Wednesday, June 16, 2010
Last week I discussed making 72 hour kits for disasters or other emergencies. This week we are going to begin a series on food storage, and what better way to start than an introduction to what food storage is all about.
What is food storage?
Food storage is a supply of food for a given length of time, ultimately one year.
What is the purpose of food storage?
The purpose of food storage is for it to be a safety net for hard times and major long-term disasters. One example might be if you become unemployed. With a supply of food, you'll still be able to eat, and can use the money you would of used for food toward other expenses, such as the mortgage/rent. It is also good for long-term disasters in an area, examples would be after an earthquake strikes an area. Some times when a natural disaster strikes, your house may receive little to no damage, however forms of aid for the area may be cut off due to problems with roads and airports. You may need food storage for a variety of reasons, such as serious illness or loss of a loved one(especially if they were the breadwinner). It will be a source of comfort to know that even if something unexpected happens, you still will have food for your family.
How much food is one year's worth of food?
Well it depends on the size and needs of your family. 2 adults and a toddler is much less than 2 adults and a teenager. But have no fear, I found a handy online calculator for you to use to get at least an idea of how much you need. Head on over there and check out the numbers.
Wow that is a lot! How on earth will I ever acquire that much food?
A little at a time. It would completely defeat the purpose of food storage if you go into debt to obtain it. The easiest solution is to set shorter goals and work up to the ultimate goal of a year. Probably the best way to do it is to work toward a 3 months supply with foods you eat normally and can rotate through. At the same time you can work toward your year supply by buying an item here or there that lasts longer (like flour or sugar).
300 lbs of wheat? What would I ever do with that?
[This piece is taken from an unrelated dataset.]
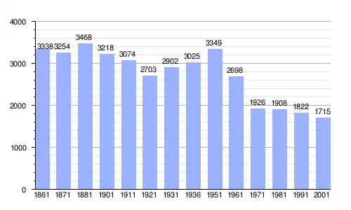 Gráfica de evolución demográfica de Poggioreale entre 1861 y 2001 |

This is where some fine tuning will come in. If you have no idea how to use wheat or what to make with wheat, don't store it for now. It will do you no good to do so. For now substitute or for things you do no how to work with such as more flour, whole grain flour, wheat flour, etc. A good tip with the calculator is to look at the overall category, and try to meat that goal. So instead of 300 lbs of wheat, try to meet the goal of 600 lbs of grains. In future editions we'll look at how to work with some of the lesser used foods on the list, as well as some recipes for food storage items.
So there is a difference between the short term and long term food storage?
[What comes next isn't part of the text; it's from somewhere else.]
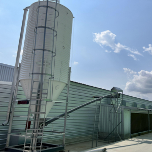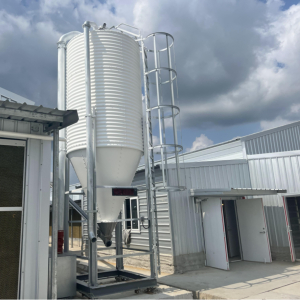 镀锌板料塔,通过下部料斗内轴部组件和螺旋弹簧绞龙旋转送料。主料线通过绞龙运转把饲料输送到鸡舍内的料箱内。在主料线末端电机前方的副料箱落料管位置装有料位传感器实现主料线的自动控制。也可用于塞盘料线的自动送料。

Yes. The short term storage (about 3 months worth) is generally food you eat normally day in and day out. You would rotate through it, and restock it from the grocery store as needed. Short term food storage is things like canned soups, mac and cheese, and other convenience foods. Longer term storage is made of things that will last for longer periods of time when stored in ideal conditions (more on that in future posts in this segment), and is made up of things such as flour, sugar, oats, dry beans, etc.
Where will I store all of it?
You'll have to be creative. I'll do a whole post on ideas in the future. We'll focus on getting the food first.